The time coordinate in a history file is implemented using the unlimited
record dimension, and only one of these is allowed in the NetCDF format
used for history files. To get around this issue history streams are now
written to two files: one containing instantaneous data and the other
containing all data that depends on the time interval. These files are
distinquished by modifying the filename. For example, for stream 1
all
averaged and other data that depends on the time interval is written to
file whose name contains the string .h0a.

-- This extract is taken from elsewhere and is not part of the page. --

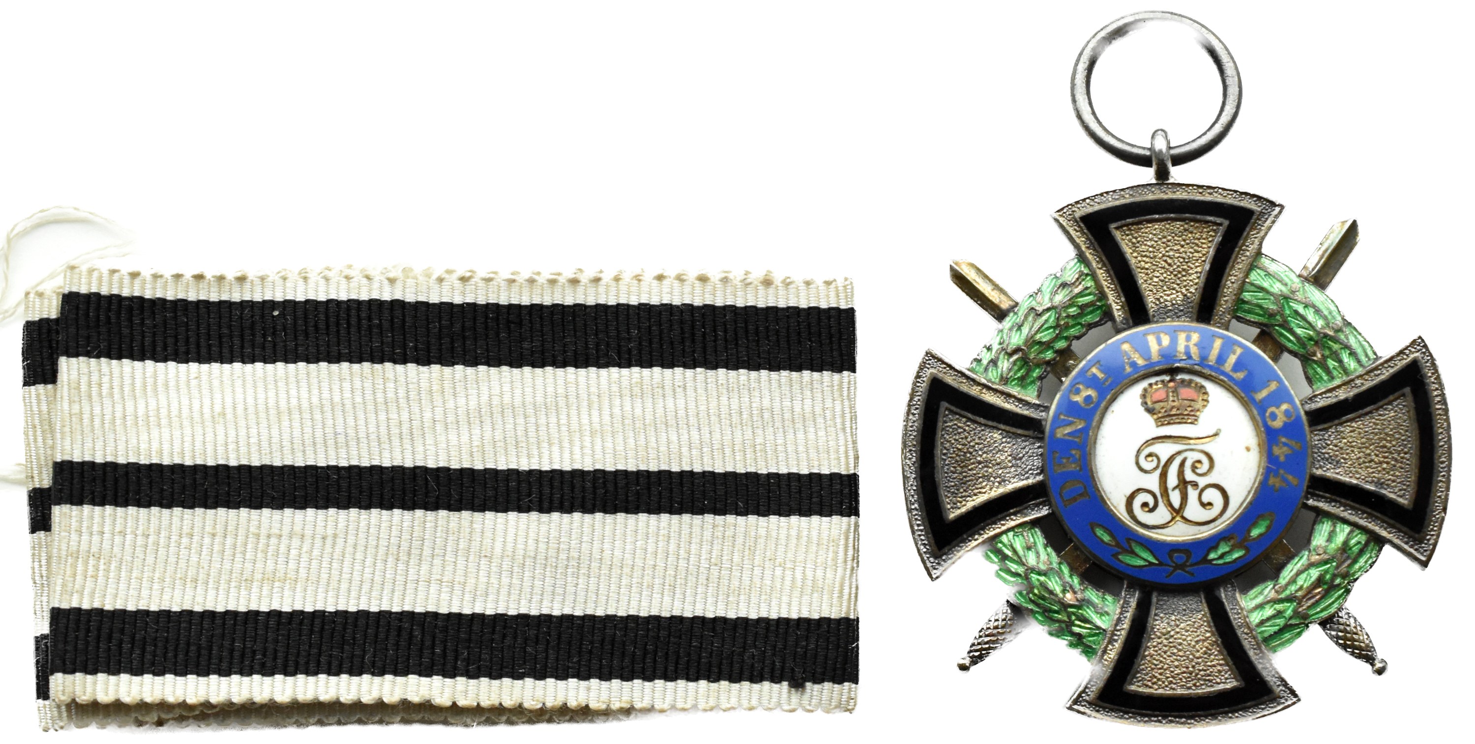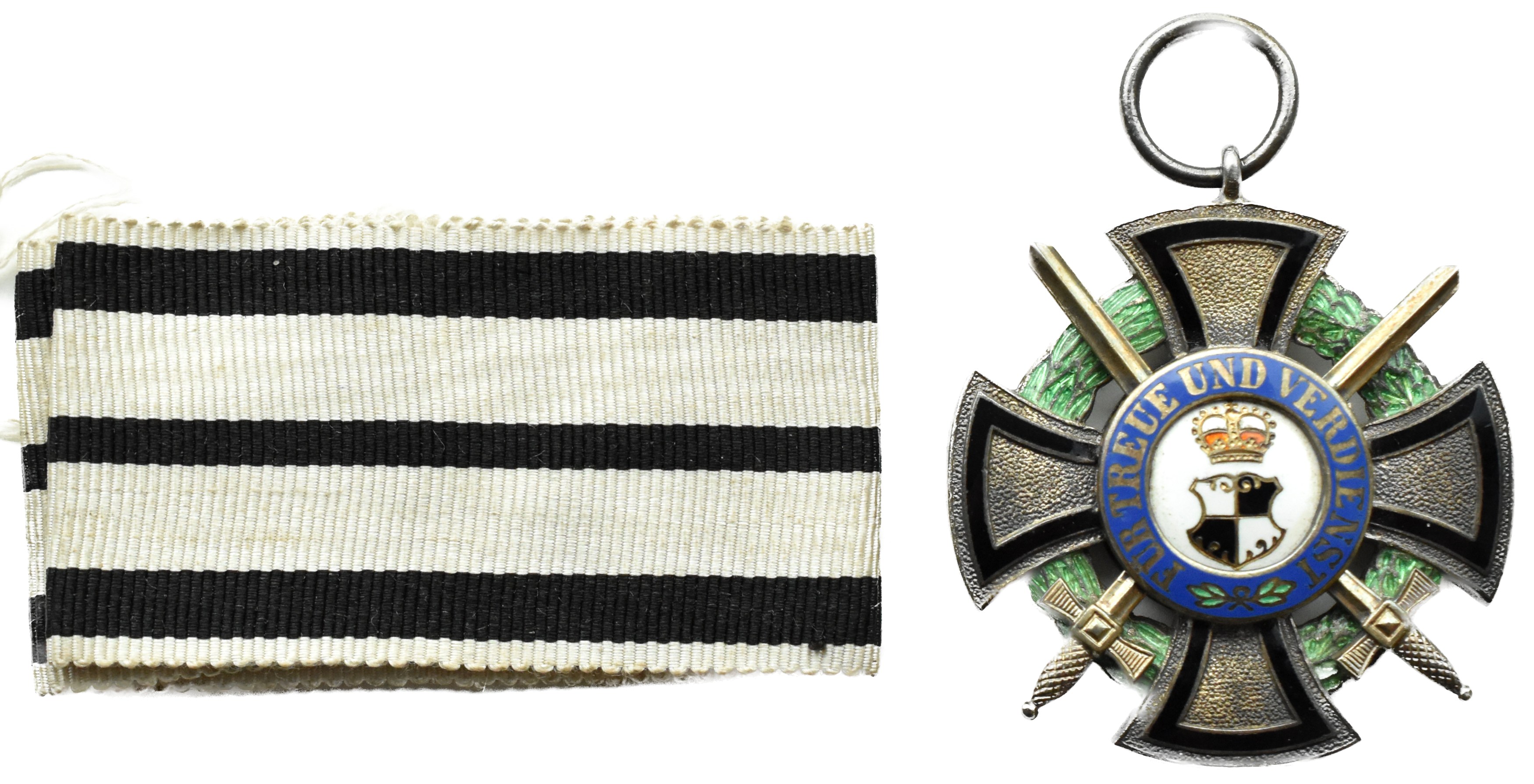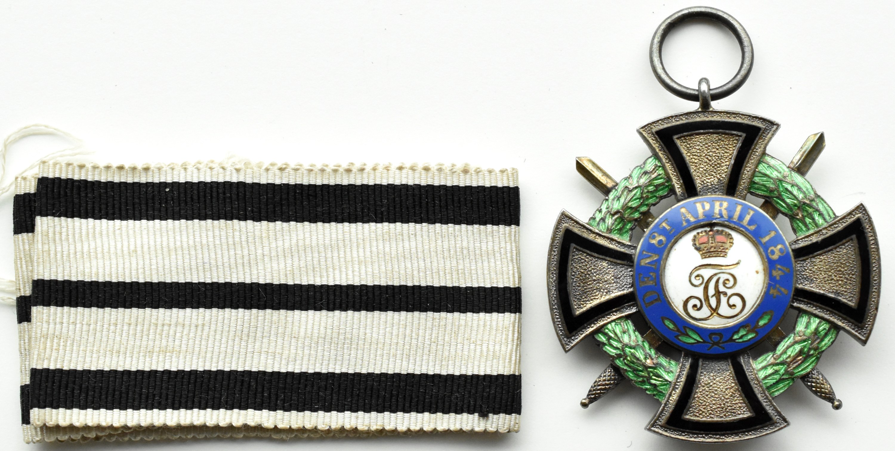 Zakon Domu Książęcego Hohenzollernów został założony wspólnie przez książąt Konstantyna z Hohenzollernów w Hechingen i Karola Antona Hohenzollernów z Sigmarinen. Początkowo order składał się z czterech klas: Krzyża Honorowego I i II klasy oraz złotego i srebrnego medalu za zasługi. W 1844 roku dodano Krzyż Honorowy III klasy, to właśnie ten sprzedawany na aukcji.
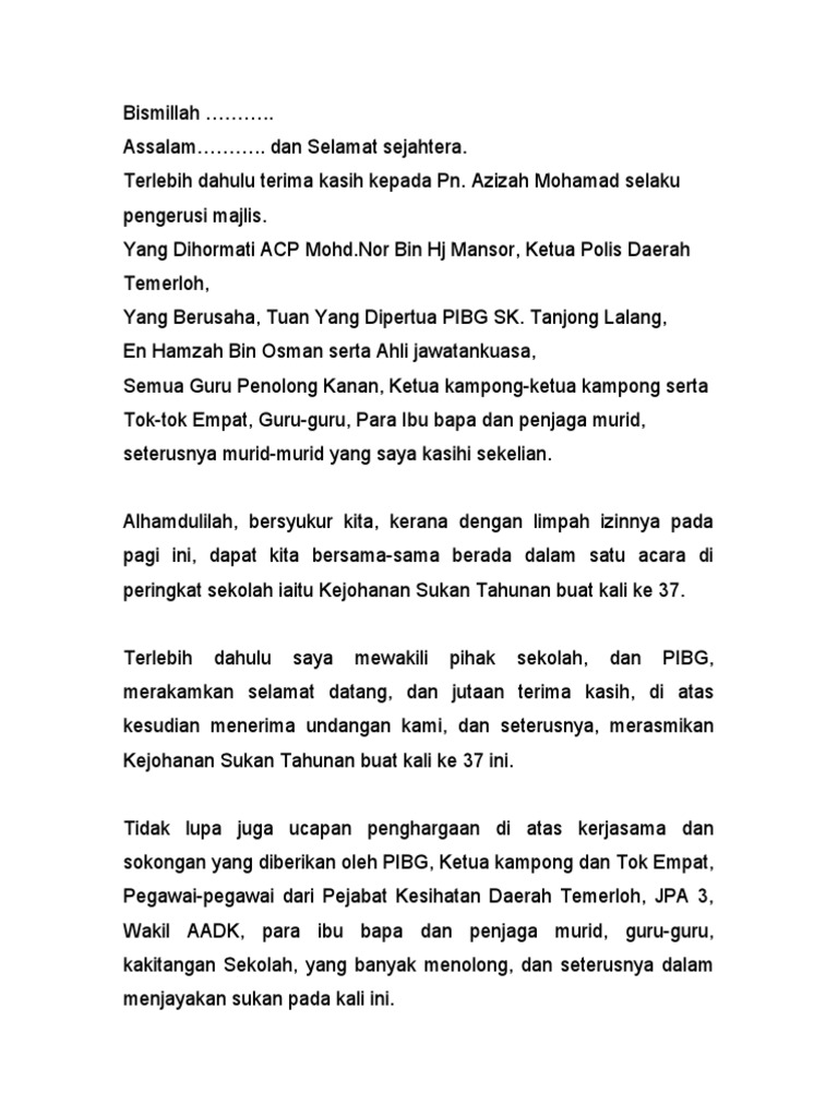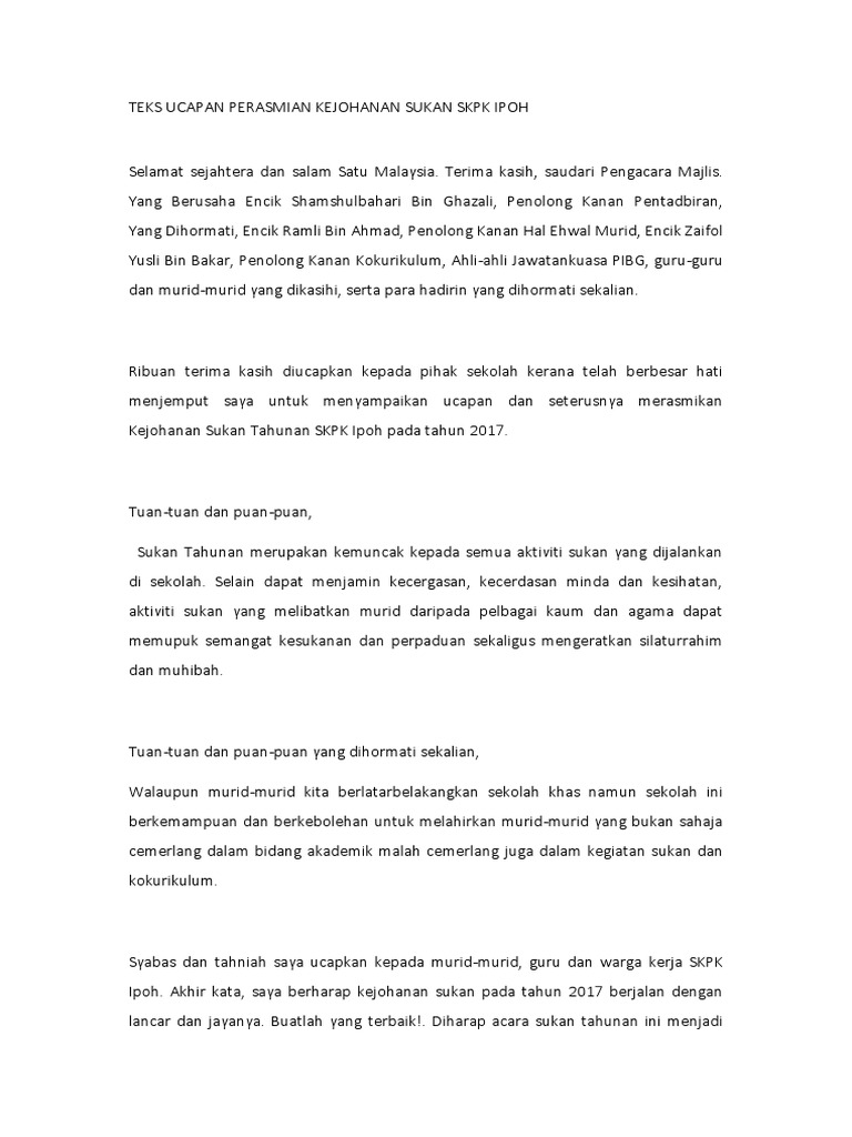 Mohammed azman bin dato' aziz mohammed 1. Ucapan perasmian adun batang kali. Dijemput semua peserta dan pelajar bagi semua kontijen masuk ke padang,dan berada di hadapan pentas utama untuk pengacara penyampaian hadiah dan majlis penutupan. Teks ucapan majlis perasmian bulan bahasa. Savesave teks ucapan perasmian sukan for later. Contoh teks mc pernikahan mudah dan sederhana. Teks ucapan majlis penutupan bulan kemerdekaan malaysia ucapan aluan guru besar sk rinching hilir kejohanan sukan tahunan kali. Teks pengacara perasmian dan penutupan kejohanan sukandocuments. Temasya sukan tahunan sekolah peringkat sk kolapis 2017 aturcara teks ucapan catatan 7 pagi nyalaanobor ikrar ucapanpk fails sheet music teks. For this magazine there is no download available. Teks ucapan perasmian kejohanan balapan dan padang sk kampung maju jaya ke 13. Contextual translation of teks ucapan perasmian sukaneka into english. Semoga kejayaan penganjuran kejohanan ini menjadi titik tolak kejayaan penganjuran sukan bertaraf dunia di negara kita.

, while all instantaneous data
is written to a file whose name contains the string .h0i.
. Prior to
CAM7 all the data from stream 1
was written to a file whose name
contained the string .h0.
.
Note
There will be an instantaneous file .hXi.
written for every output
stream, even if the default and user specified variables in the stream all
depend on the time interval. This is because there are a handful of
instantaneous variables that are added to every stream which are not under
user control. These are scalar variables that provide data on GHG and
Solar forcing.
8.1.4. Multiple time samples in a single file
CAM’s default history output is a sequence of monthly averaged fields, written with one time sample per file. This restriction is related to the default file naming scheme which uses the string “YYYY-MM” to indicate the year and month of the average contained in the file. However in general it is possible to write multiple time samples in any of the history file streams that don’t contain monthly time intervals. The timestamp in the filename for files with multiple time samples is the one corresponding to the first sample in the file. This timestamp is not adjusted to the interval midpoint for time averaged data.
Note
Prior to CAM7 the first time sample in the first file for all streams except the one with monthly frequency was an “extra” sample representing the initial conditions as modified by the moist physics adjustments. This feature has been turned off by default in CAM7. That allows all files for a stream to contain the same number of valid time samples.
8.2. Analyzing and Visualizing Model Output
The primary resource for visualizing and analyzing history file data is the AMWG Diagnostics Framework (ADF) python package. Another good resource for Python based tools and Jupyter notebooks is the CESM Tutorial – Diagnostics. To manipulate the data and metadata in history files using the command-line, the NCO Operators, which were originally designed to work with CAM’s output, are often the tool that gets the job done most efficiently. For a comprehensive list of software tools for interacting with NetCDF files, view the UNIDATA maintained link Software for Manipulating or Displaying NetCDF Data.
Note
By default all output files are written using the NetCDF “64-bit Data Format (CDF-5)”. This format requires the NetCDF library to be version 4.4.0 or later.